Потом вскинула ресницы…
Из-под низко надвинутого на брови острого, рубчатого шлема на нее глядело немолодое усталое лицо. Рука с перстнем теребила угол темной раздвоенной бородки, прохваченной ярко-седыми прядями.
Она узнала его не сразу. Только встретившись с ним глазами, поняла, что это Прокопий, бывший вышгородский полонянник, когда-то жалкий кощей, над которым смеялись владимирские девушки, а теперь первый княжеский милостник, Андреева правая рука, – да, сомнений нет! – тот самый Прокопий, что приезжал к ней двенадцать лет назад Андреевым послом.
Не сводя с нее внимательных глаз, он негромко произнес только одно слово:
– Где?
Она молчала.
Выждав немного, он проговорил все так же тихо:
– Молчишь?
– Чего молчишь? – взвизгнул посадник. – Отвечай: где княжой стольник?
Прокопий поднял темную бровь и оглянулся через плечо. Его смуглое лицо передернулось мужеской брезгливостью. Он, не повышая голоса, сказал посаднику:
– Тебя кто звал? Ступай к себе.
Часто моргая, точно от слишком резкого света, посадник глядел на Прокопия с недоумением и испугом. Спросонок, впопыхах, идучи к воротам, он невзначай вдел одну пуговицу в две плетеные петли, и оттого красная ферязь смешно топорщилась у него на животе.
– Ступай. Чего стоишь? Наведаемся и к тебе.
Посадник, растерянно облизнув губы, высунул было длинный желтый зуб, желая что-то сказать, но ничего не сказал, развел руками, повернулся и, тяжело перекачиваясь с одной ноги на другую, стал спускаться с крыльца. По знаку Прокопия три пешца пошли за ним.
Когда люди на крыльце расступились, давая им дорогу, Кучковна заметила, что ее ворота заперты наглухо и около них – сильная стража. Посреди двора стояла запряженная четверней порожняя повозка брата Ивана. На ее колесе сидел Иванов конюх. Держа руки за спиной, завалив набок простоволосую голову, он тер ухо о плечо. По положению этого плеча Кучковна поняла, что руки у него связаны. Его стерегли оба боголюбовца.
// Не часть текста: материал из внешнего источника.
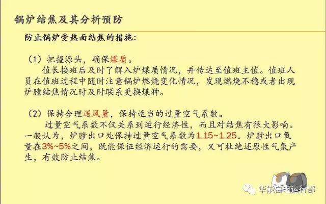 3、合理配风,保持适当的过空气系数。过空气系数不仅关系到运行经济性,而且对结焦有很大影响。一般认为,炉膛出口处保持过空气系数为1.15~1.25。炉膛出口氧量在3%~5%之间,既能保证经济运行的需要,又可杜绝还原性气氛产生,有效防止结焦。
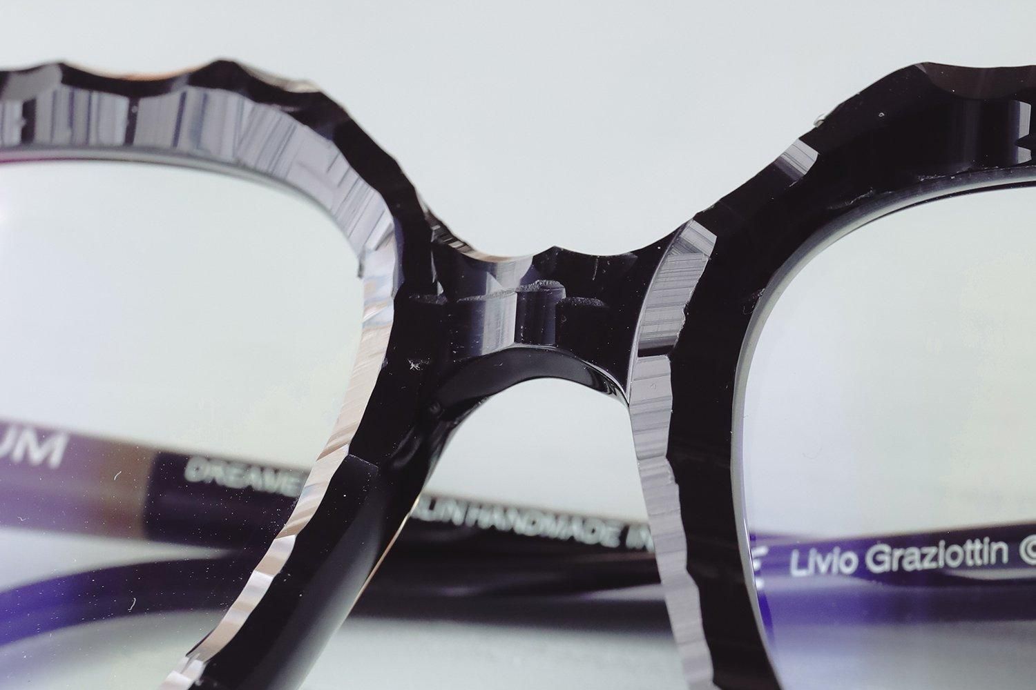 KUBORAUMはそのデザイン性だけでなく、実用性も評価されていて、バネ丁番を採用したテンプルのフィット感は、長時間の使用でも快適。もちろん、度付きレンズにも対応可能。

– Что ж, боярыня, – выговорил со вздохом Прокопий, – молчишь, так и молчи. Обойдемся и без твоих слов: разыщем. Уйти ему некуда: и город и твой двор кругом оцеплены. Поди покамест к себе наверх, да возьми к себе дочь со внучонком, чтобы их кто часом не испугал (он очень мягко, по-киевски, произнес это слово). А за свое добро не бойся: никто ничего пальцем не ворохнет – народ верный.